Prep Time 15 minutes
Cook Time 20 minutes
Total Time 35 minutes
Servings: 12
Course: Main Course
Cuisine: baking
Calories: 250

Ingredients
  

  • 1 1/2 cups all-purpose flour sifted
  • 1/2 cup cocoa powder Dutch-processed preferred
  • 1 1/2 teaspoons baking soda
  • 1/2 cup buttermilk
  • 1/2 cup unsalted butter softened, but not melted
  • 1 cup granulated sugar
  • 2 large eggs room temperature
  • 1 1/2 teaspoons vanilla extract

Equipment

  • Mixing bowls
  • Electric hand mixer
  • Measuring cups and spoons
  • Muffin tin and paper liners
  • Cooling rack

Method
 

  1. Preheat your oven to 175°C (350°F) and line a muffin tin with paper liners.
  2. Sift together the flour, cocoa powder, and baking soda into a large mixing bowl. This ensures an even distribution and a smooth batter.
  3. In a separate bowl, beat the softened butter and sugar with an electric mixer on medium speed until the mixture is light, fluffy, and slightly paler in color, about 2-3 minutes. You’ll hear it becoming creamy and see it expand slightly.
  4. Add the eggs one at a time, beating well after each addition, until the mixture is smooth and glossy. The batter may look a bit curdled, but that’s okay.
  5. Stir in the vanilla extract, followed by the buttermilk, mixing until just combined. The batter will look slightly thin but creamy.
  6. Gradually add the sifted dry ingredients to the wet mixture, folding gently with a spatula or mixing on low speed until just combined. Avoid overmixing to keep the cupcakes tender.
  7. Divide the batter evenly among the paper liners, filling each about two-thirds full.

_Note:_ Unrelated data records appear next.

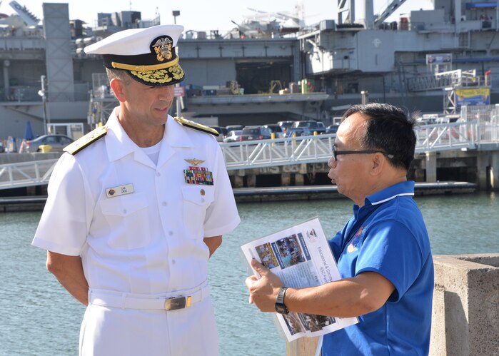 171012-N-UN340-001 SAN DIEGO (Oct. 12, 2017) Rear Adm. Carl Chebi, program executive officer for Command, Control, Communications, Computers and Intelligence, discusses science, technology, engineering and mathematics (STEM) initiatives with Space and Naval Warfare Systems Command STEM Federal Action Ahn Nuzen at San Diego’s Broadway Pier. The two were on hand representing the Navy for DoD’s $8M donation to the Sweetwater Union School District’s STEM program, which supports a large number of school children of active duty military members. (U.S. Navy photo by Rick Naystatt/Released)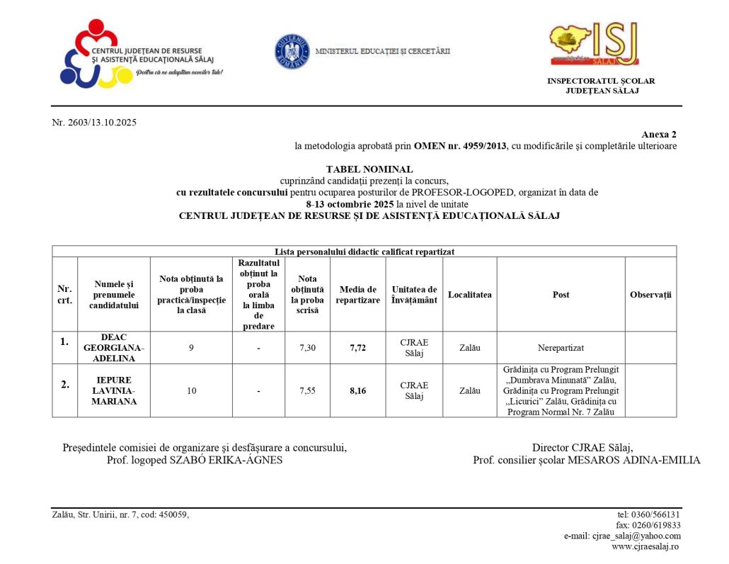Rezultate finale după probă scrisă, la disciplina de examen aferentă postului, din data de 13.10.2025.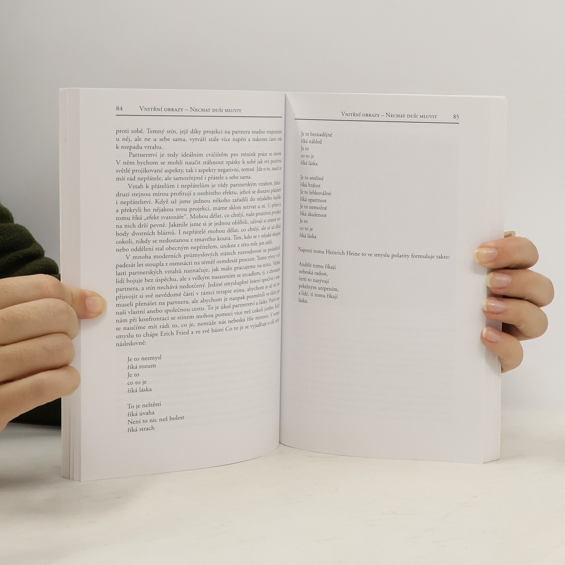 Podle učení C. G. Junga je stínem naše podvědomí. Je to ta osobnost, kterou bychom nejraději nebyli, ale kterou se nakonec stát musíme, když chceme být celiství. Náš stín, tedy naší „temnou stránku“, prociťujeme velmi ambivalentně: je nám odporná, ale zároveň nás fascinuje. Práce se stínem slouží tomu, abychom se stali vědomými a je tedy v pravém slova smyslu prací se světlem. Stín je vlastně naším pokladem, obohacuje nás tak, jako málo co jiného. Dahlke nám ukazuje, jak náš stín vypátrat a jak se s ním konfrontovat, abychom ho nakonec mohli přijmout, integrovat do své osobnosti a možná dokonce i začít milovat.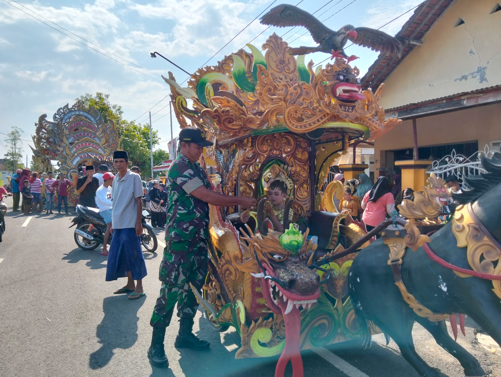 SUMENEP – Babinsa Koramil 0827/06 Saronggi, Sertu Masyono, melaksanakan tugas pengamanan rute pawai (karnaval) dalam rangkaian acara “Lekang Karatama” yang digelar oleh SDN Saronggi 1, Desa Saronggi, Kecamatan Saronggi, Kabupaten Sumenep, Senin (16/6/2025) sore.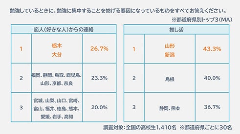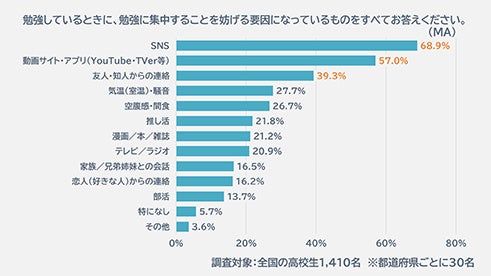 勉強に集中することを妨げる要因となっているものを聞いてみると、「SNS」(68.9%)や「動画サイト・アプリ(YouTube・TVer等)」(57.0%)、「友人・知人からの連絡」(39.3%)など、スマホで見るコンテンツが上位に入りました。また、「推し活」(21.8%)、「恋人(好きな人)からの連絡」(16.2%)など、高校生ならではの項目も一定の数字を集めました。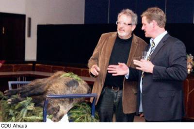 Im Programm folgten nach dem Abendessen – wohl zum letzten Mal in der Stadthalle von der Familie Rathmer zubereitet – die Tombola, der Zauberkünstler Endrik Thier mit erfrischenden Kunststücken, die Versteigerung des gespendeten Wildschweins mit neuem Auktionator Bernhard Roßmöller und die Ehrung langjähriger Mitglieder, die Bürgermeister Büter unter Assistenz der Ehrengäste und der Vorsitzenden vornahm.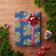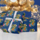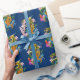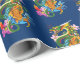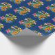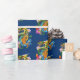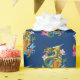 Um dragão chinês verde com um peixe koi laranja com flores de lótus e flores de cereja contra um pano de fundo de azul escuro.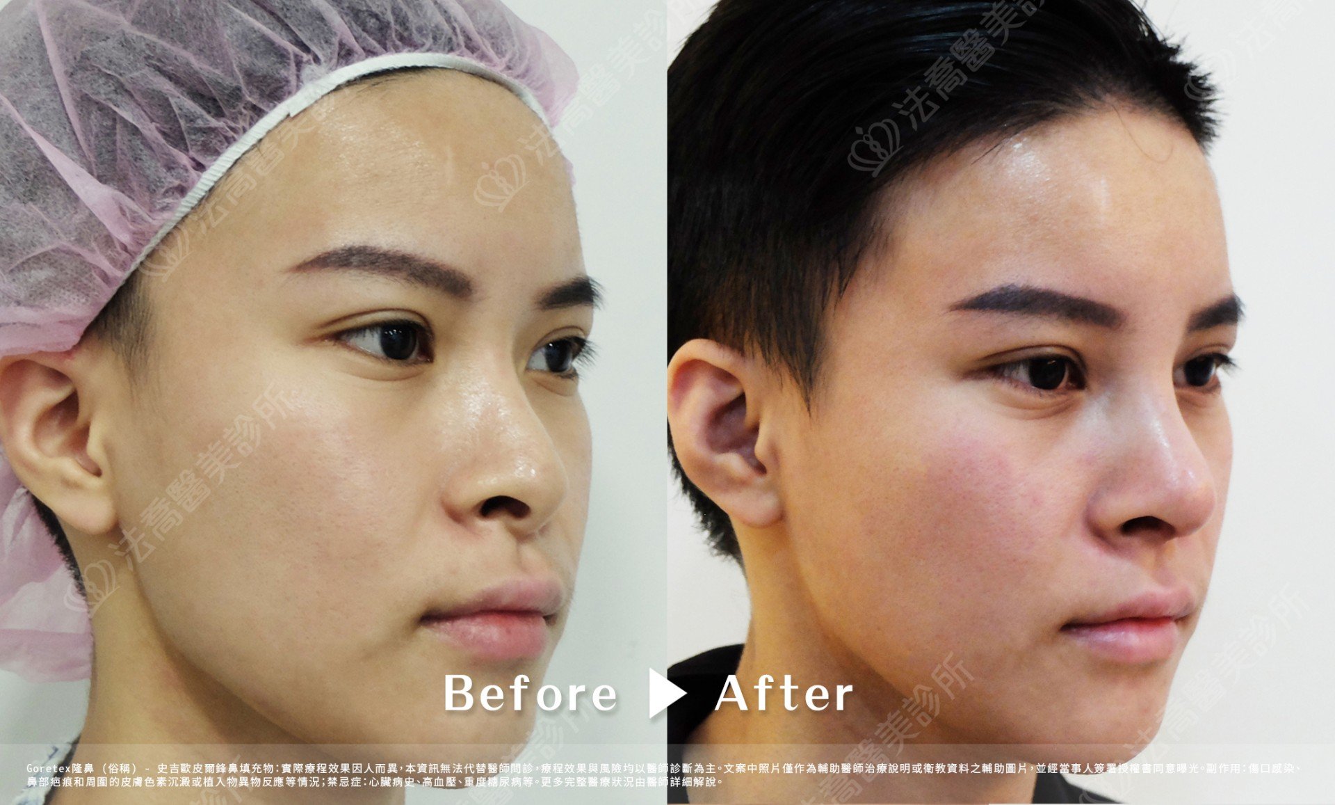 ▲Goretex隆鼻(俗稱) / 術前與術後1個月(文案中照片僅作為輔助醫師治療說明或衛教資料之輔助圖片,並經當事人簽署授權書同意曝光。)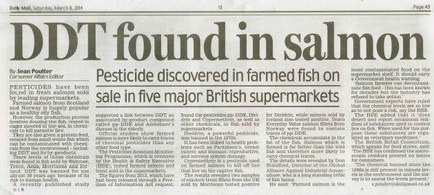 In 2014, The Daily Mail revealed contamination of farmed salmon with DDT, Dieldrin and Cypermethrin.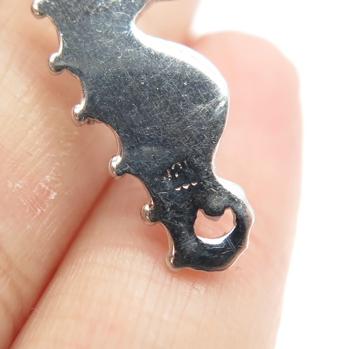 925 Sterling Silver Real Opal & C Z Seahorse Dangling Earrings

You can use an ice cream scoop for even portions.
  8. Bake the cupcakes in the preheated oven for 18-20 minutes. Check doneness by inserting a toothpick into the center; it should come out with moist crumbs, not wet batter.
  9. Remove the cupcakes from the oven and let them cool in the tin for about 5 minutes. Then, transfer them to a wire rack to cool completely. The cupcakes should feel firm but still tender to the touch.
  10. Once cooled, frost the cupcakes with your favorite rich cream cheese or dark chocolate ganache. This completes their decadent, striking look and taste.